Several banks already have indicated that if the rate is cut, they may start charging depositors to cover the cost of deposit insurance federal regulators charge them. Some credit union economists argue that a “negative interest” scenario likely will not happen and, even if it does, the impact on many institutions will be limited to nonexistent.
“Talk of cutting the reserve rate has been around for a couple of years and it pops up every now then,” said Dwight Johnston, chief economist for the California and Nevada Credit Union Leagues in Ontario, Calif.
Johnston believes such a change, if it ever occurs, would be a long time coming. “If the Fed does act on it, I don’t see it having a huge impact on credit unions because big money center banks would be the first to test the waters.”
Credit unions with strong loan programs could withstand a cut in Fed rates without having to charge depositors a fee, since they would be able to make up the difference from loan revenues, Johnston said.
Small cash-heavy credit unions, on the other hand, might consider reducing deposits by charging for them as an effective strategy to curb the wrong type of financial growth, the league economist said.

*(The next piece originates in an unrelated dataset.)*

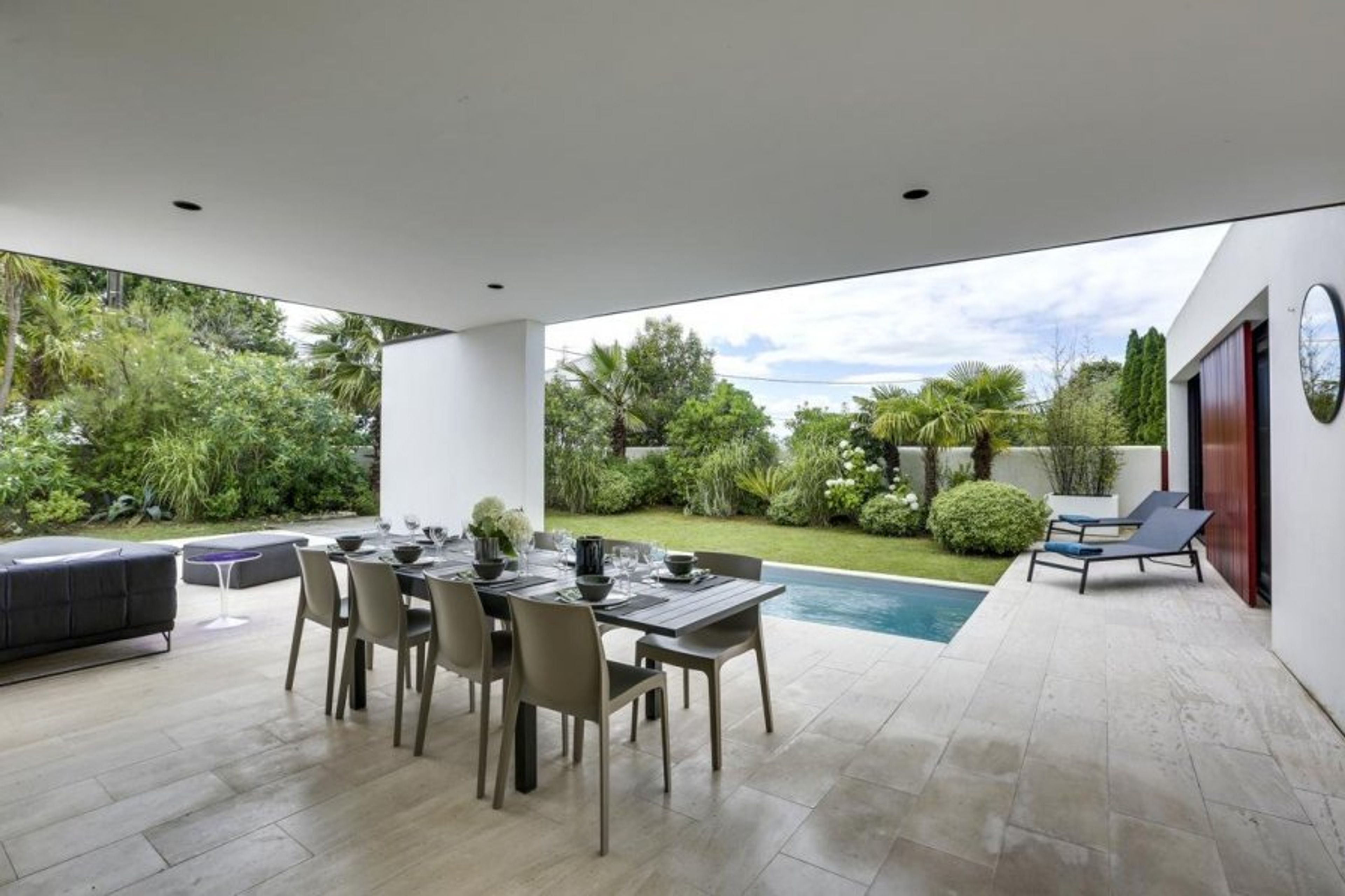 This modern home is all about stylish open-plan living, perfect for warm summer months when you can open the floor-to-ceiling sliding windows and step straight out to the covered terrace for long al-fresco lunches by the plancha and lounging by the heated swimming pool within the walled garden.
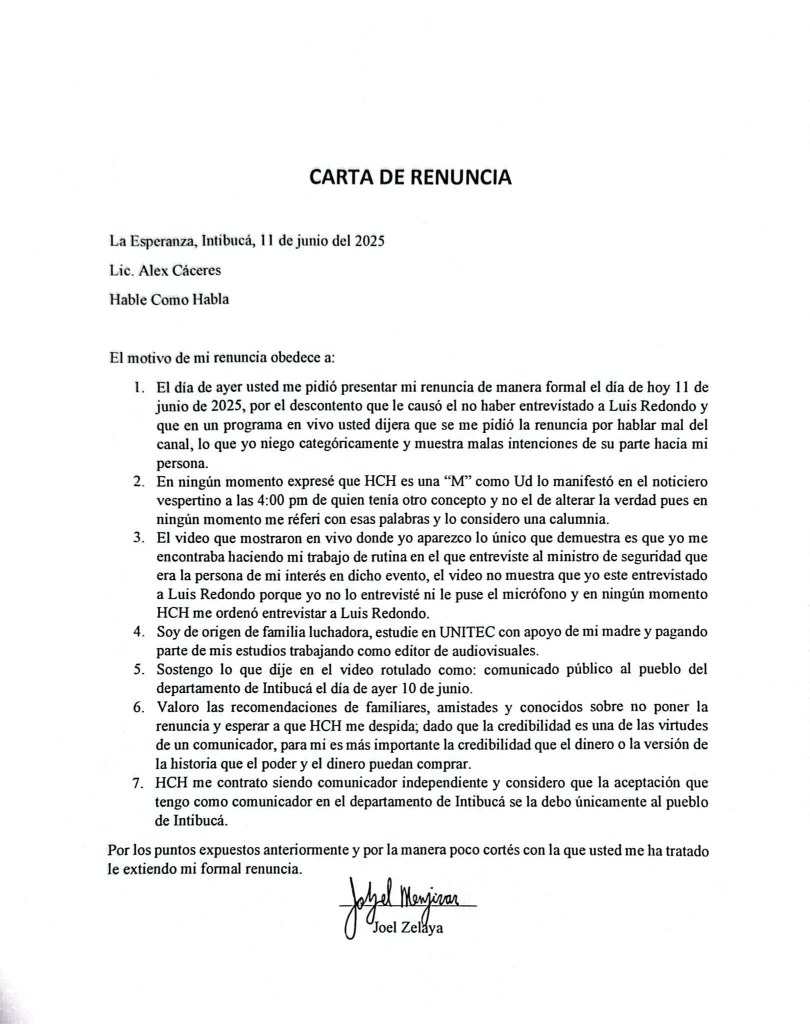 Según Zelaya, se le solicitó presentar su renuncia formal. El comunicador expresó que está de acuerdo con dejar el cargo y argumentó que el salario mensual de 10,000 lempiras no compensa las exigencias laborales del medio.

“A credit union’s response will depend totally on its balance sheet, ” Johnston said. “You can’t shrink your way to long-term growth, but you can do so from time to time to preserve your capital and increase net earnings.”
Many don’t think the Fed has any intention of cutting rates to stimulate growth. In fact, such a move would be detrimental to the overall market and consideration of it little more than sabre rattling by an agency charged with stimulating economic growth, according to Brian Turner, director and chief strategist for Catalyst Strategic Solutions, part of Catalyst Corporate Federal Credit Union in Plano, Texas.
“The problem the Fed has is that economic growth, especially consumer spending behavior, is not rate-sensitive,” Turner said. “Members continue to suffer job insecurity and have been curtailing their spending, particularly on big-ticket items such as cars, homes and appliances, all items to which credit unions extend financing,”
The final verdict on this and other potential measures may be discussed at the Fed’s upcoming meeting Dec. 17-18. Until that time, experts can only speculate on how the Fed’s next steps will affect their institutions.